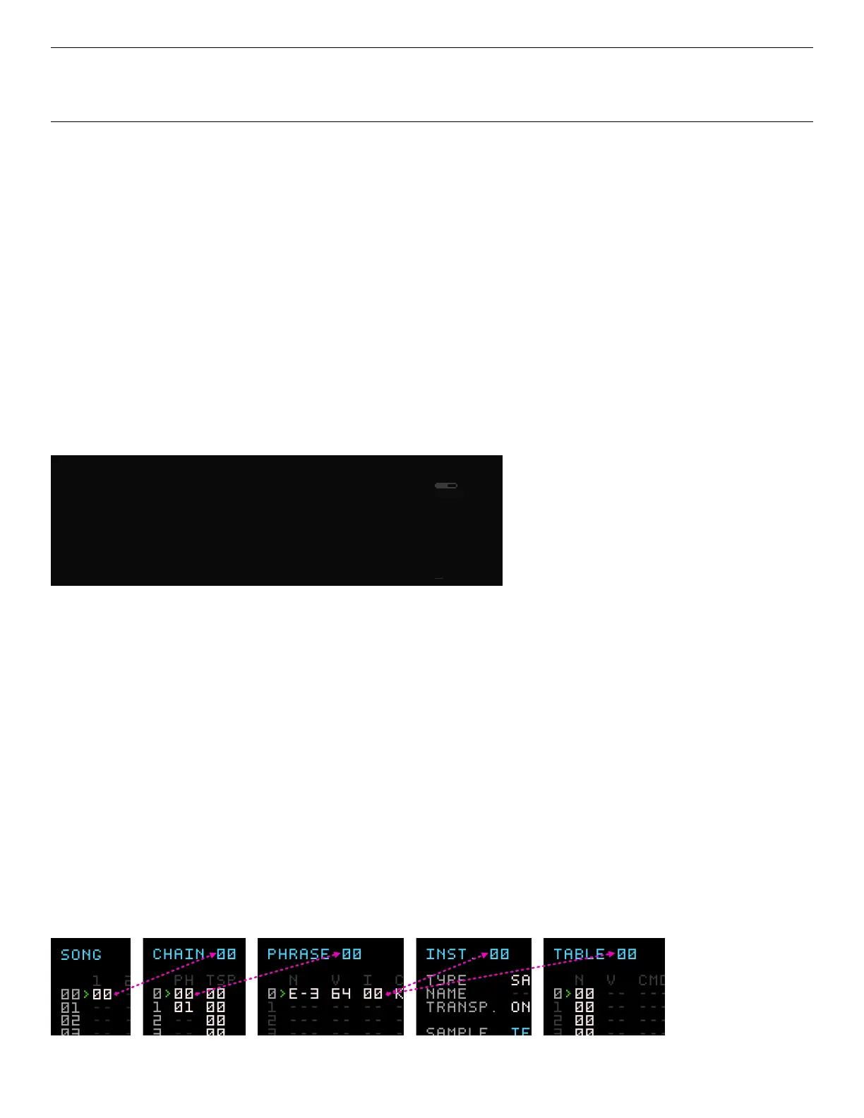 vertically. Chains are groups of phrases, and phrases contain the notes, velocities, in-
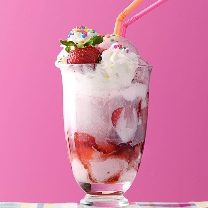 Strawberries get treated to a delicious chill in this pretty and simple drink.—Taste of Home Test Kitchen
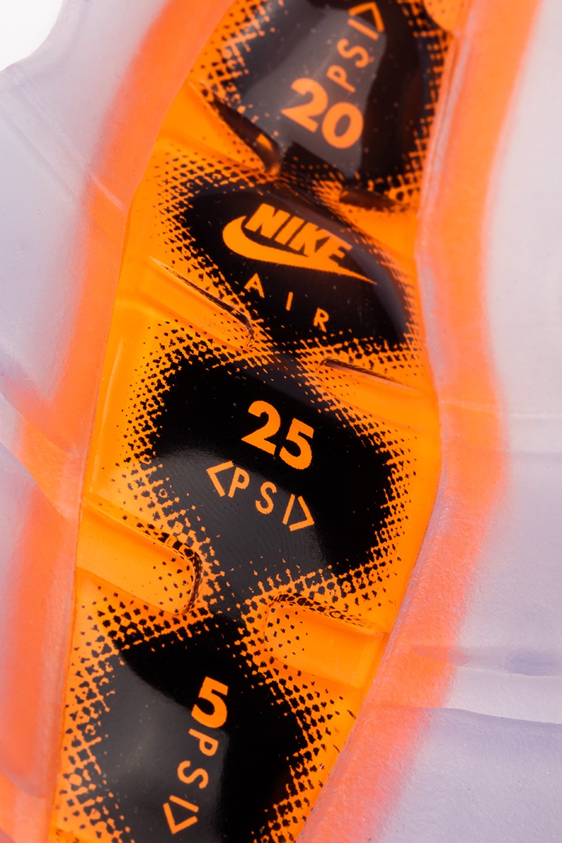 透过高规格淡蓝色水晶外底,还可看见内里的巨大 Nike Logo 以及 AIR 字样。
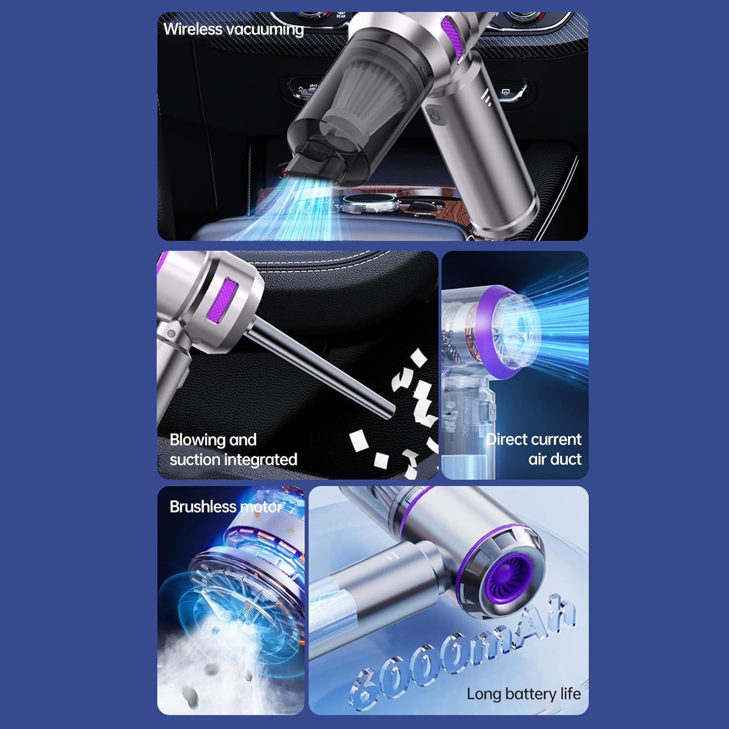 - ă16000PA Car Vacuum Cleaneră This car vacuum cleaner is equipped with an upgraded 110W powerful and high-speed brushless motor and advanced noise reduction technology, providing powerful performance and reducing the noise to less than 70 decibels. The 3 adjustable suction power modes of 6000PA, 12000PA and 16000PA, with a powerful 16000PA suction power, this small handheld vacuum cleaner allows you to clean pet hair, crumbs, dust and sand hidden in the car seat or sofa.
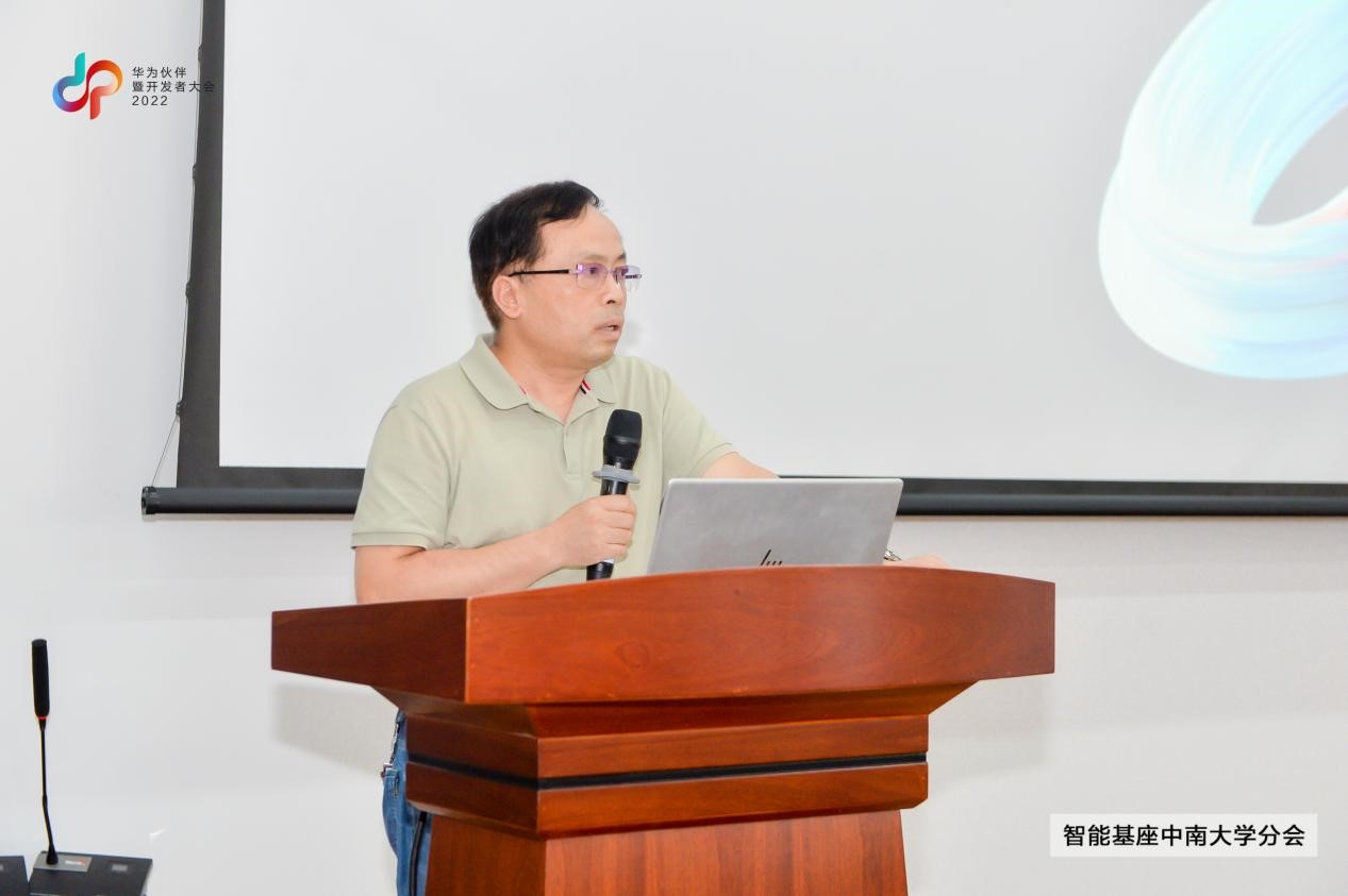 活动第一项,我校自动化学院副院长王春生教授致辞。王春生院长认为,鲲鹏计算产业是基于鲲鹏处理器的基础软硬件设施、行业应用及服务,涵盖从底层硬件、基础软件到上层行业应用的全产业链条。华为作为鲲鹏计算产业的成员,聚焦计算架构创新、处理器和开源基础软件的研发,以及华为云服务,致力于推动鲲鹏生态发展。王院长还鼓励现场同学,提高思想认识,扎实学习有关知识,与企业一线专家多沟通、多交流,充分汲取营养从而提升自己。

* * *

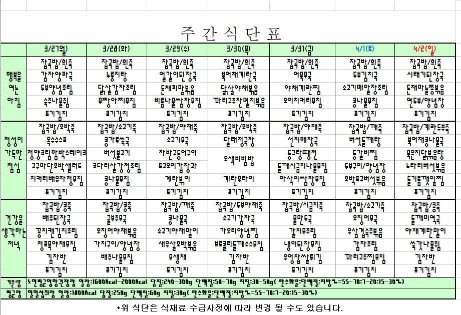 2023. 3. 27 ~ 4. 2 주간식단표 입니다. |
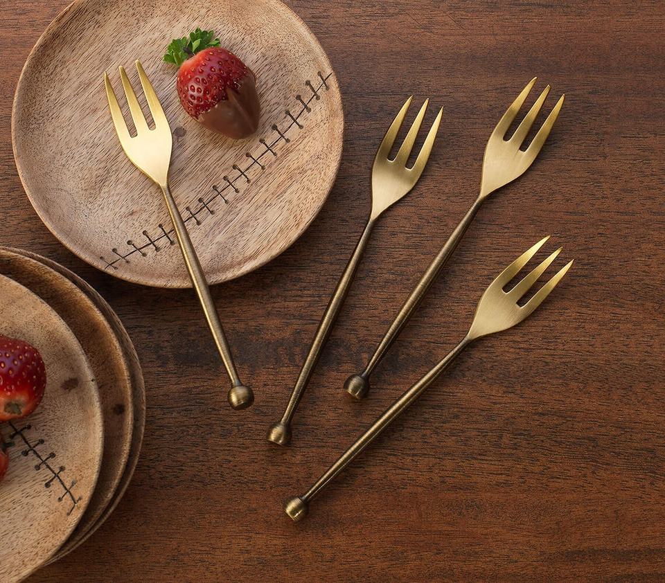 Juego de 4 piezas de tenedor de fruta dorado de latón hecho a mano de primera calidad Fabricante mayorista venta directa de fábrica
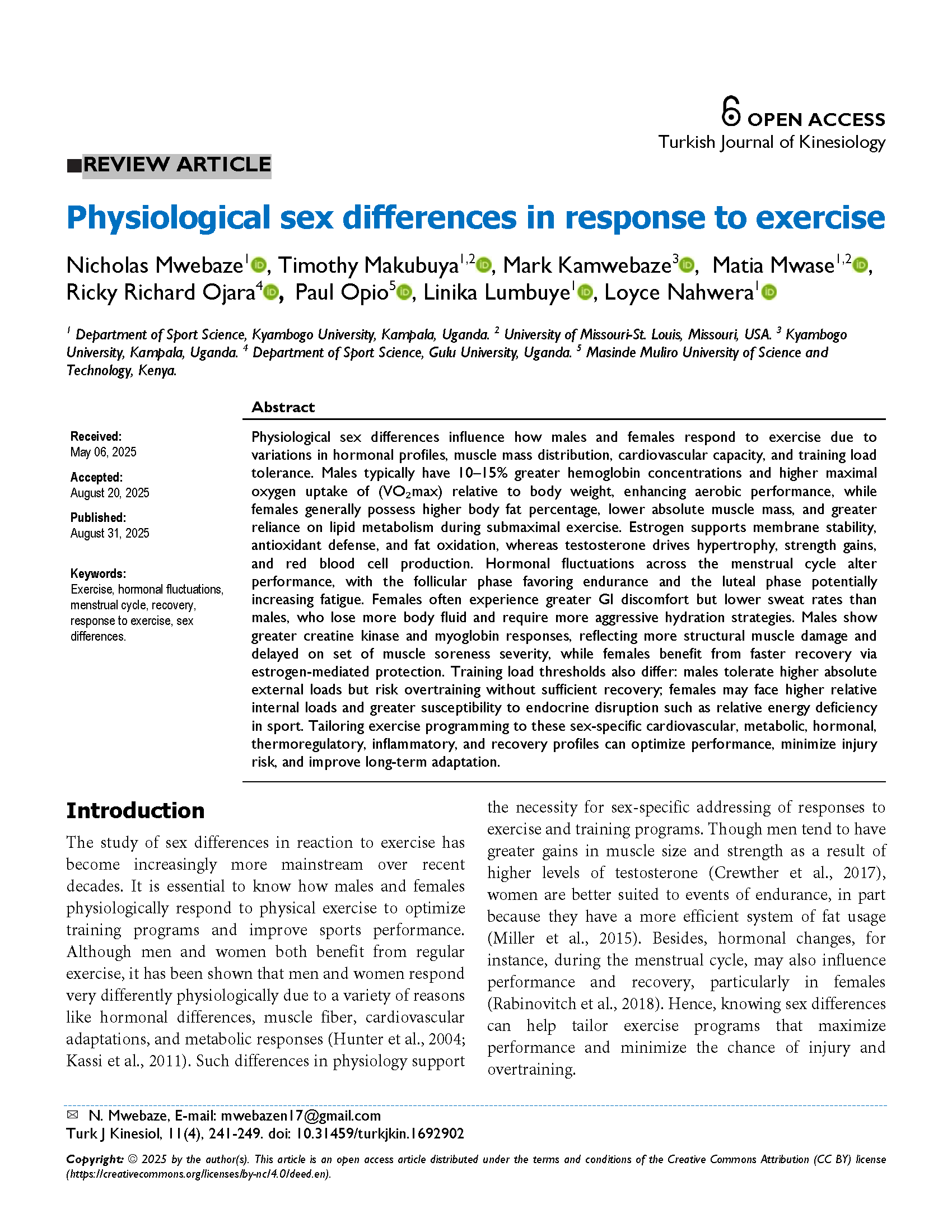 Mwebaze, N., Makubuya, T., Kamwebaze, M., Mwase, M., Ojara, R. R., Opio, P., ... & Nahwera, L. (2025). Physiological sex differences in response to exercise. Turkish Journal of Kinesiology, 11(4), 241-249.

...

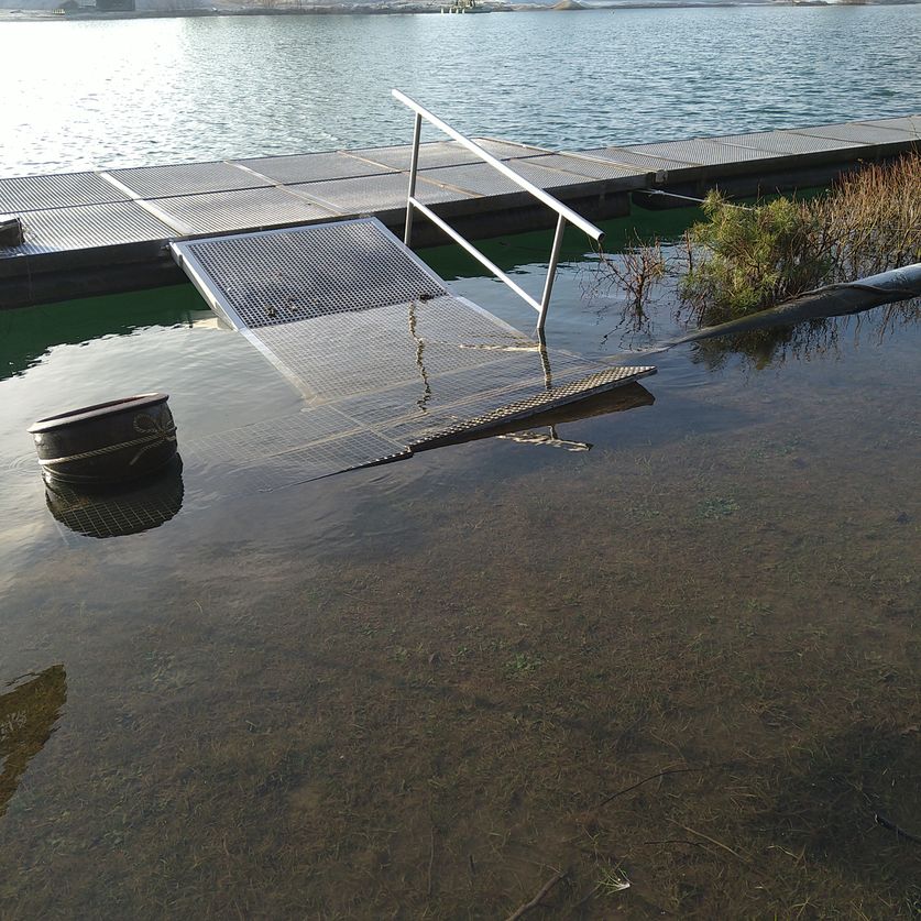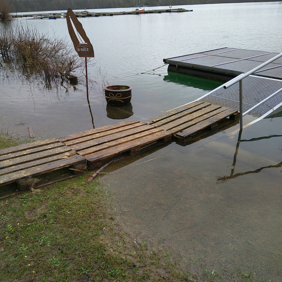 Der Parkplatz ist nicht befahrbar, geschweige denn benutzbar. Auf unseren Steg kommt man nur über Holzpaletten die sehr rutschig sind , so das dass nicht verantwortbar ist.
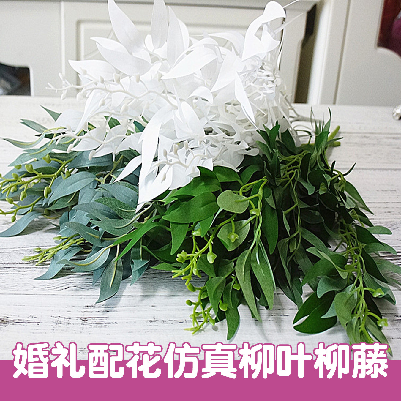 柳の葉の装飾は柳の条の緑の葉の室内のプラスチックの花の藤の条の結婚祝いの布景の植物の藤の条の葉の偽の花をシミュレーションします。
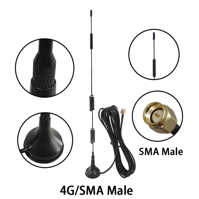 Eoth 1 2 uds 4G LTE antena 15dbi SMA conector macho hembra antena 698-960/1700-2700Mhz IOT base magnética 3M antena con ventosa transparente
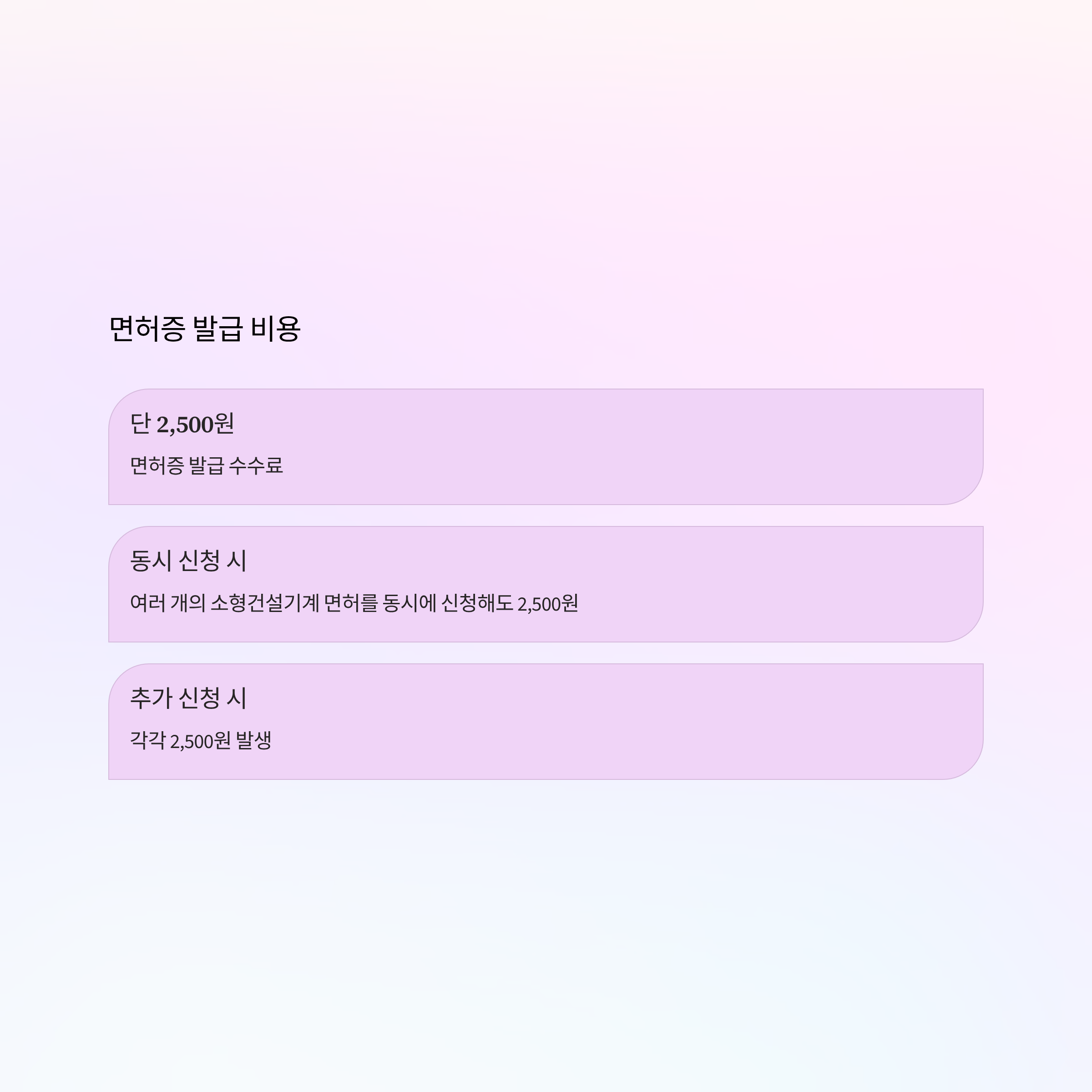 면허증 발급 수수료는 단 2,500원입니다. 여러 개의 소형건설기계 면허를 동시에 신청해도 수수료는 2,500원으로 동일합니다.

• TASK REQUIREMENTS: A verbatim reproduction is expected: starting at the line above that has "透过高规格淡蓝色水晶外底,还可看见内里的巨大 Nike Logo 以及 AIR 字样。", ending at the line that has "活动第一项,我校自动化学院副", both included, and with no pictures and no other lines.

• TASK RESPONSE:
 透过高规格淡蓝色水晶外底,还可看见内里的巨大 Nike Logo 以及 AIR 字样。
 - ă16000PA Car Vacuum Cleaneră This car vacuum cleaner is equipped with an upgraded 110W powerful and high-speed brushless motor and advanced noise reduction technology, providing powerful performance and reducing the noise to less than 70 decibels. The 3 adjustable suction power modes of 6000PA, 12000PA and 16000PA, with a powerful 16000PA suction power, this small handheld vacuum cleaner allows you to clean pet hair, crumbs, dust and sand hidden in the car seat or sofa.
 活动第一项,我校自动化学院副院长王春生教授致辞。王春生院长认为,鲲鹏计算产业是基于鲲鹏处理器的基础软硬件设施、行业应用及服务,涵盖从底层硬件、基础软件到上层行业应用的全产业链条。华为作为鲲鹏计算产业的成员,聚焦计算架构创新、处理器和开源基础软件的研发,以及华为云服务,致力于推动鲲鹏生态发展。王院长还鼓励现场同学,提高思想认识,扎实学习有关知识,与企业一线专家多沟通、多交流,充分汲取营养从而提升自己。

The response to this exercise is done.